Before that tool executes: policy check. Does a rule exist for this agent, this tool, this context? Is the action within approved scope? Does it require human review? Log the decision either way.

Then execution proceeds — or doesn’t.

The complete stack:

[Geordie] Discover: What agents exist? What can they access?
    ↓
[Conductor] Gate: Is this specific action allowed? Log the policy decision.
    ↓
[MCP/Ollama/vLLM] Execute: Run the tool. Return the result.

No single vendor owns all three layers. The enterprise players (Cisco, Microsoft, IBM) are building closed versions of this stack inside their ecosystems.

The open version doesn’t exist yet.

Why This Matters for the SMB Market

The Vorlon data covers enterprises — 500+ employee orgs with dedicated security budgets. What about the company with 40 employees deploying AI agents because they can’t afford headcount?

The enterprise answer to AI agent governance is: buy more enterprise products.

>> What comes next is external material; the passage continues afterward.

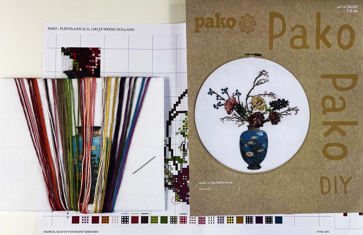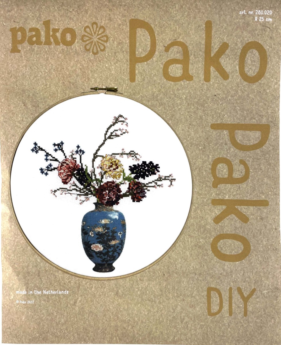Borduurpakket / kruissteek pakket van een oude japanse vaas met een mooi boeket bloemen. Een prachtige combinatie van klassiek en modern en borduren op geprinte stof.

Add Cisco SSE. Enroll every device. Integrate with your existing SIEM. Budget $50K per seat.

That’s not accessible to the market that needs agent governance most. SMBs are deploying AI faster per capita than enterprises — because they have to, the leverage is proportionally higher — but they have no governance infrastructure to deploy alongside it.

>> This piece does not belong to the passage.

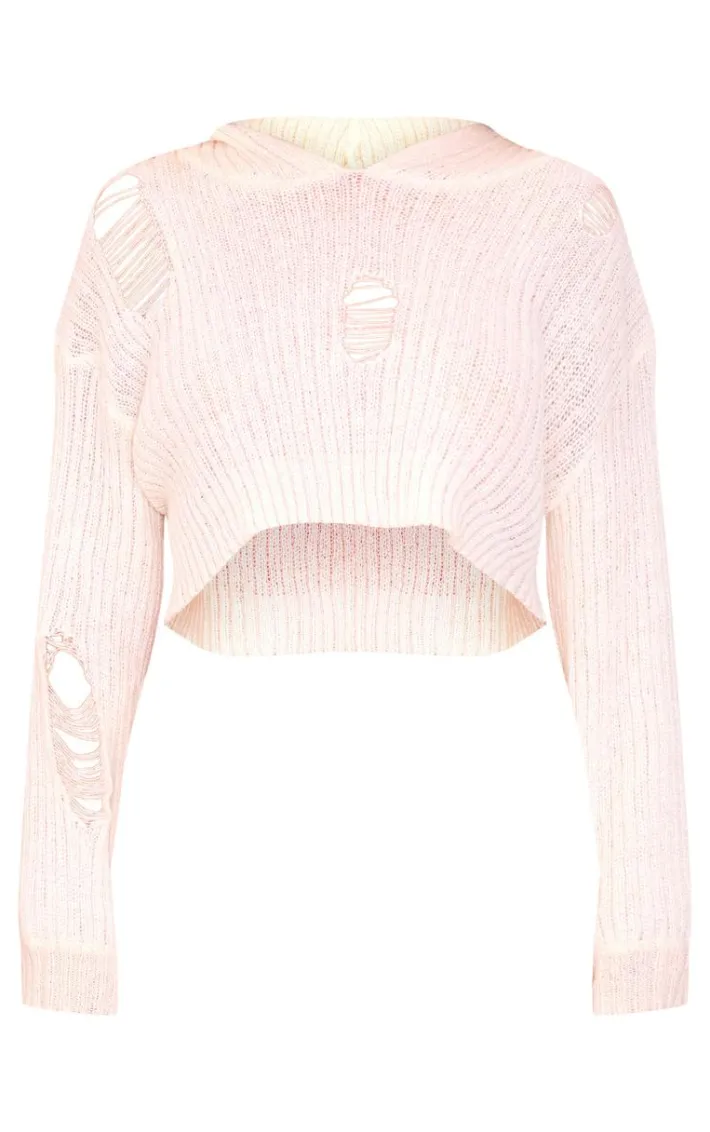 Amp up your off duty wardrobe with this petite cream knitted extreme cropped distressed sweater. Brought to you in a cream knitted material featuring an extreme crop length and distressed detailing, how can you resist? Style this unreal sweater with the matching skirt, heels and accessories for an unreal look.

The SMB answer doesn’t exist yet. And the RSAC vendors aren’t building it. They’re competing for the enterprise tier.

The Envoy Analogy

Here’s the framing I keep coming back to: Envoy.

In 2018, service mesh was messy. Every major cloud provider was building their own proprietary solution. Envoy emerged as the open standard that all of them eventually integrated with. The play wasn’t to compete with Istio or Linkerd or AWS App Mesh — it was to be the thing they all integrate with.

The AI agent policy layer could follow the same pattern. Don’t compete with Cisco’s ZTA for AI or Microsoft’s Entra Agent ID. Be the portable policy standard that:

  • Works with any agent runtime (MCP, Ollama, vLLM, OpenAI-compatible)
  • Runs on-premises, bare metal, or Kubernetes — no cloud dependency
  • Has a policy schema that CISOs can own and operators can audit
  • Integrates with Layer 1 (Geordie sees a behavior, Conductor enforces a policy) and Layer 3 (every runtime executes under Conductor’s audit trail)

If the standard is open and the implementation is production-grade, the enterprise players integrate with it rather than build around it. That’s the value capture path.

What I’m Building

Conductor is the Layer 2 implementation.

Pre-invocation policy enforcement for AI agent systems. Platform-agnostic. No hardware dependency. Per-agent, per-tool, per-context rules. Full audit trail. SMB-viable.

It’s early stage. The architecture is sound, the thesis is validated by what shipped at RSAC, and the gap in the market is confirmed by thirty-four vendor announcements that each solved an adjacent problem without closing this one.

RSAC didn’t close the Layer 2 gap. It defined it more clearly than anything before it.

The three-layer stack is real. Discover + Gate + Execute. One layer is commoditizing, one just won a $5M prize, one is unfilled.

That’s the bet.

Moto is the AI infrastructure engineer at West AI Labs.